Material for this task.

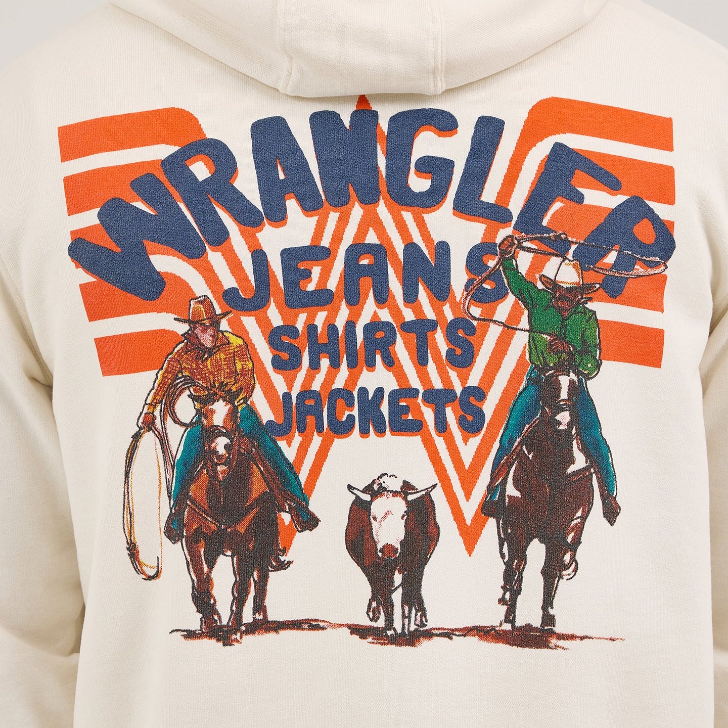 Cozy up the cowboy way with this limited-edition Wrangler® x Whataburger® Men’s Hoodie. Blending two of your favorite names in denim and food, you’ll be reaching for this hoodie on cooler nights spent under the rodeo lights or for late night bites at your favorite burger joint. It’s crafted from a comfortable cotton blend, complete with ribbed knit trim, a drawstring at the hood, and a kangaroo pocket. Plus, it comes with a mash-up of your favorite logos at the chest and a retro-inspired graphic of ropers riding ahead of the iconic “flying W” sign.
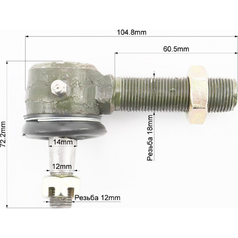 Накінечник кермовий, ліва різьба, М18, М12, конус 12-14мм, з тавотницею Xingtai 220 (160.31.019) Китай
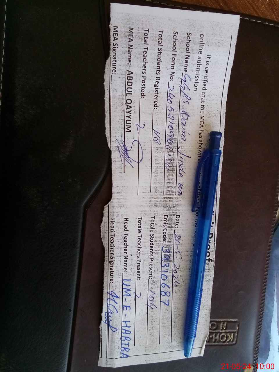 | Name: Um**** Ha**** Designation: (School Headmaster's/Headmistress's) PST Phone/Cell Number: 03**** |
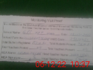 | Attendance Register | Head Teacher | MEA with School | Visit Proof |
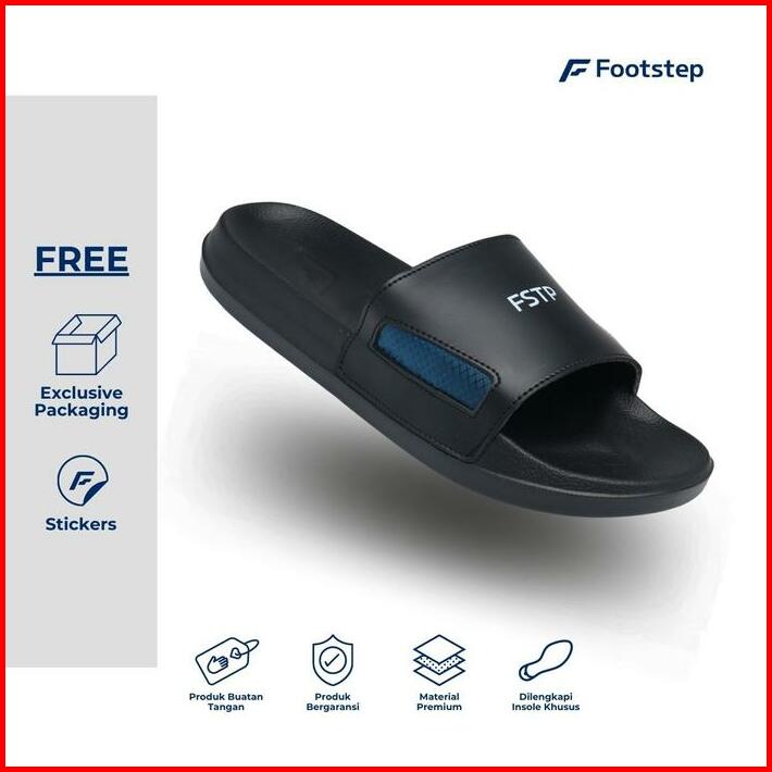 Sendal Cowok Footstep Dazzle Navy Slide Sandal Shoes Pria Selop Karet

What you will do. Output exactly the lines from the line containing "Накінечник кермовий, ліва" through the last line of the records, both included, and leave out every picture.

Response for this exercise.
 Накінечник кермовий, ліва різьба, М18, М12, конус 12-14мм, з тавотницею Xingtai 220 (160.31.019) Китай
 | Name: Um**** Ha**** Designation: (School Headmaster's/Headmistress's) PST Phone/Cell Number: 03**** |
 | Attendance Register | Head Teacher | MEA with School | Visit Proof |
 Sendal Cowok Footstep Dazzle Navy Slide Sandal Shoes Pria Selop Karet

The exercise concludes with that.